In the above code we use Grid1D a templated helper class that allows easy interfacing between C++ arrays and CubicInterpolator.

Grid1D supports vector valued functions where the various coordinates of the function can be interleaved or stacked. It also allows the use of any numeric type as input, as long as it can be safely cast to a double.

class BiCubicInterpolator

Given as input an infinite two dimensional grid, which provides the following interface:

struct Grid2D {
  enum { DATA_DIMENSION = 2 };
  void GetValue(int row, int col, double* f) const;
};

Where, GetValue gives us the value of a function \(f\) (possibly vector valued) for any pair of integers row and col and the enum DATA_DIMENSION indicates the dimensionality of the function being interpolated. For example if you are interpolating a color image with three channels (Red, Green & Blue), then DATA_DIMENSION = 3.

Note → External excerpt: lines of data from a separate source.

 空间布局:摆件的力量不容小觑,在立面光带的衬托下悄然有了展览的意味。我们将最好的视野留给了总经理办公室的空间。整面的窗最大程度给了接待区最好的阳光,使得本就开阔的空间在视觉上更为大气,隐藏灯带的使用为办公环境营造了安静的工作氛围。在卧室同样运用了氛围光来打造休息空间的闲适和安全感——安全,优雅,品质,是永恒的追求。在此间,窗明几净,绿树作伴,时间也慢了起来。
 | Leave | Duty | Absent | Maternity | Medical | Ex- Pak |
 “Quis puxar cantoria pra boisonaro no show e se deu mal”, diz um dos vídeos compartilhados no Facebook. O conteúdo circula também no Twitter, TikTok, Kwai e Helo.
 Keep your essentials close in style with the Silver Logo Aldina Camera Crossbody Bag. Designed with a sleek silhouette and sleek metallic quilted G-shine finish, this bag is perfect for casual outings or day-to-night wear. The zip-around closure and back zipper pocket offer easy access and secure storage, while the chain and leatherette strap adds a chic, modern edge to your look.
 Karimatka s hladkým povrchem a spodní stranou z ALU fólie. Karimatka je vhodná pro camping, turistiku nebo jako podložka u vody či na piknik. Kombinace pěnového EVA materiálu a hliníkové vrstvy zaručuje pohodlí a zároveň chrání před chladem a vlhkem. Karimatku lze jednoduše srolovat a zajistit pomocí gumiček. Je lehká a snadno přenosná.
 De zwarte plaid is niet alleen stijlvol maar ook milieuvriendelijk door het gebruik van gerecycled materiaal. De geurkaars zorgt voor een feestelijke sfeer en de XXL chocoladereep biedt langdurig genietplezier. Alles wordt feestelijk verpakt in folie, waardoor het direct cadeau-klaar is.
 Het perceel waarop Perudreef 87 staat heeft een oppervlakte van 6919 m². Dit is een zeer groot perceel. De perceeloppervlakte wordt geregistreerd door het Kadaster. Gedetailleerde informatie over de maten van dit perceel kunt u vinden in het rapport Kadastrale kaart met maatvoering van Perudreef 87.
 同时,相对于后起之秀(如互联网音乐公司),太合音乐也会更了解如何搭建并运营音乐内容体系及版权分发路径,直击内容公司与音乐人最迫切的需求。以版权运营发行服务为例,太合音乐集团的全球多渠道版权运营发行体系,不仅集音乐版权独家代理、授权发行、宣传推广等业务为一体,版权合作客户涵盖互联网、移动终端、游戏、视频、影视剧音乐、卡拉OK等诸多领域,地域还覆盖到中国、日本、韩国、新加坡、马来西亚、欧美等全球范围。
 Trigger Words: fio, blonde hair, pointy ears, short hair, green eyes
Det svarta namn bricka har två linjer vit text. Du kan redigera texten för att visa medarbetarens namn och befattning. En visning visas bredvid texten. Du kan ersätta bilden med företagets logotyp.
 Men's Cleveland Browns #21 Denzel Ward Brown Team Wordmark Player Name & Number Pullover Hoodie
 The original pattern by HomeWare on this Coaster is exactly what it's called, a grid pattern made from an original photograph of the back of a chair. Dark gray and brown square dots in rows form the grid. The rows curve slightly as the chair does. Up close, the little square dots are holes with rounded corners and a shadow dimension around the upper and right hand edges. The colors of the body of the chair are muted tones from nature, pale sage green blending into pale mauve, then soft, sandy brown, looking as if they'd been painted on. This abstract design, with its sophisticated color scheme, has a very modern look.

BiCubicInterpolator uses the cubic convolution interpolation algorithm of R. Keys [Keys], to produce a smooth approximation to it that can be used to evaluate the \(f(r,c)\), \(\frac{\partial f(r,c)}{\partial r}\) and \(\frac{\partial f(r,c)}{\partial c}\) at any any point in the real plane.

For example the following code interpolates a two dimensional array.

const double data[] = {1.0, 3.0, -1.0, 4.0,
                       3.6, 2.1,  4.2, 2.0,
                       2.0, 1.0,  3.1, 5.2};
Grid2D<double, 1>  array(data, 0, 3, 0, 4);
BiCubicInterpolator interpolator(array);
double f, dfdr, dfdc;
interpolator.Evaluate(1.2, 2.5, &f, &dfdr, &dfdc);

In the above code, the templated helper class Grid2D is used to make a C++ array look like a two dimensional table to BiCubicInterpolator.

Grid2D supports row or column major layouts. It also supports vector valued functions where the individual coordinates of the function may be interleaved or stacked. It also allows the use of any numeric type as input, as long as it can be safely cast to double.